Dynavector XV-1s loading question.

Oooo ... wait a minute! I re-visited items 1 & 2 (resonant tank circuit).

The formula for resonant frequency is given by:

res. freq. = 1 / [2 * pi * sqrt (L * C) ].

I believe this is the net capacitance, but what I'm not clear on is whether the resistive load is taken into account - whether we're talking about the net capacitance as defined by the RC circuit (including the resistive load), or whether the only effect is the raw capacitive elements - without taking the "R" (resistive load) into account.

I believe it takes the resistive load into account, but perhaps Ralph can answer this question for us.

Cheers,
Thom @ Galibier

The formula for resonant frequency is given by:

res. freq. = 1 / [2 * pi * sqrt (L * C) ].

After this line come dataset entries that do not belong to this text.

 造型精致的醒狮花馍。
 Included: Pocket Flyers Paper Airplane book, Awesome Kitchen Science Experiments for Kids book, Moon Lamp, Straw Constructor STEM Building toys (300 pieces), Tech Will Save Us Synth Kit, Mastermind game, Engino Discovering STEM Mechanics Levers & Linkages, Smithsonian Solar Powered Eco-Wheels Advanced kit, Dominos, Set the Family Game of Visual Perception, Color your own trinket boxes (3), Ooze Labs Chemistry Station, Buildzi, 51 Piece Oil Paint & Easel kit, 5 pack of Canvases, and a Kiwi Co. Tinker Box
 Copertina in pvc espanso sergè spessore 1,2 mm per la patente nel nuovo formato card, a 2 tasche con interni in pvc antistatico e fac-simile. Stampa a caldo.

I believe this is the net capacitance, but what I'm not clear on is whether the resistive load is taken into account - whether we're talking about the net capacitance as defined by the RC circuit (including the resistive load), or whether the only effect is the raw capacitive elements - without taking the "R" (resistive load) into account.

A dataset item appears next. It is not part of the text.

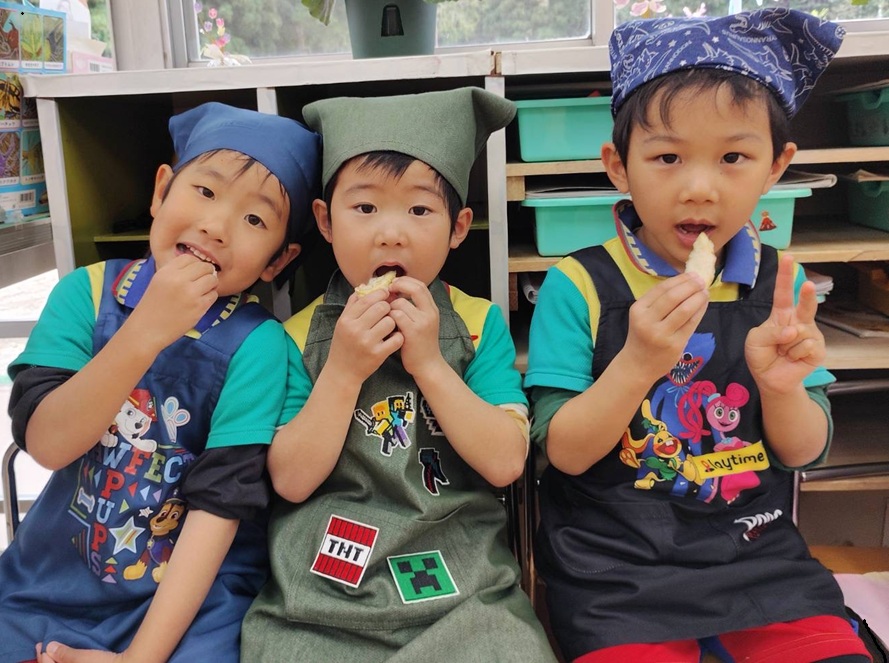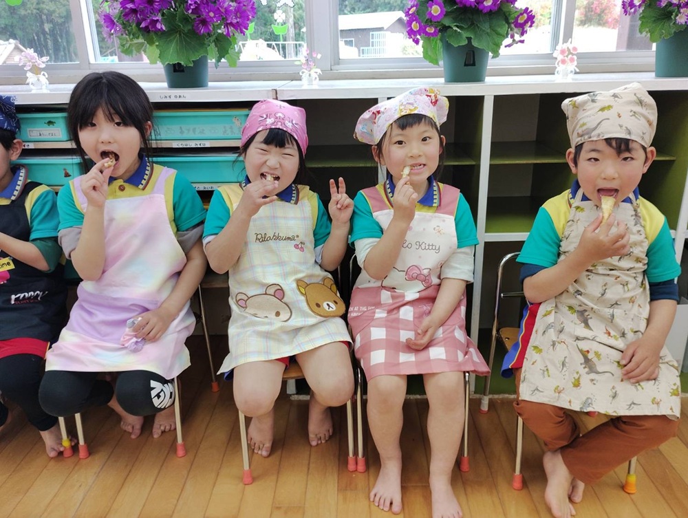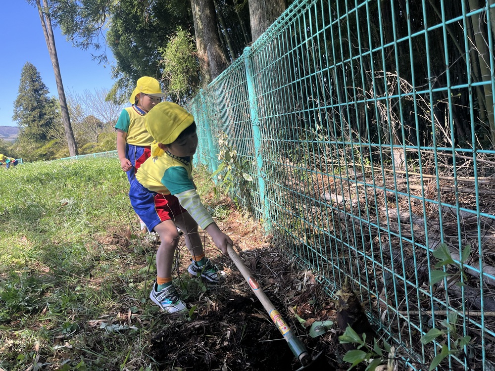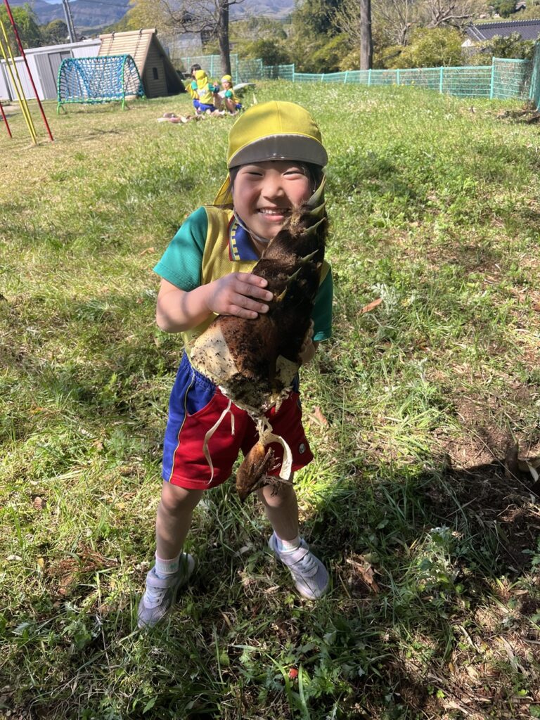 4月16日の午後からつき組は散歩へ(⌒∇⌒)道中で筍を発見!!帰園後 竹林に隣接した園庭でも筍をみつけ、筍掘り・皮むきがはじまりました!!たけのこ用の鍬を使って丁寧に掘っていきました♪とれた筍は給食でみんなで美味しくいただきました。また年長さんがから揚げにしてご馳走してくれました。春を五感で満喫しています🌸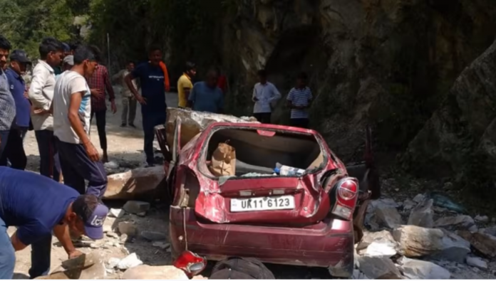 हादसा: कर्णप्रयाग-ग्वालदम हाईवे से गुजर रही कार के ऊपर गिरी चट्टान, दबे दो लोगों को निकालने के लिए रेस्क्यू शुरू

Thom, I believe that the resonant frequency is determined purely by L and C, per the equation you cited. R will affect the degree of damping of that resonant peak.

If R is very high, say 47K, that peak will be relatively large. If R is excessively low, the low pass filter formed by L and R will cause the overall frequency response to roll off before the frequency of the resonant peak is reached. If R is optimal (with respect to damping of the resonant peak, which may or may not be optimal in terms of overall system synergy), then the response will be essentially flat up to the area of resonance, and above that frequency a smooth rolloff will occur.

As you aptly stated, "'just enough' is always the best solution."

Great thread, btw!

Best regards,
-- Al

Thank you Jonathan for furthering our collective thinking on the subject; yet more food for thought. Thank you Thom and Al for nudging resonance a bit more forward as it relates to this topic - now we know just how much of a "tuned circuit" the whole analog front-end really is! Cheers,

-Richard

Tuning - reminds me of one of my other loves - guitars.

As it applies to analog, I recall an instance at a music shop where the mother wanted to return the guitar she bought for her son ... because it was out of tune!

Fortunately, our analog front ends are more stable than that (grin).

Cheers,
Thom @ Galibier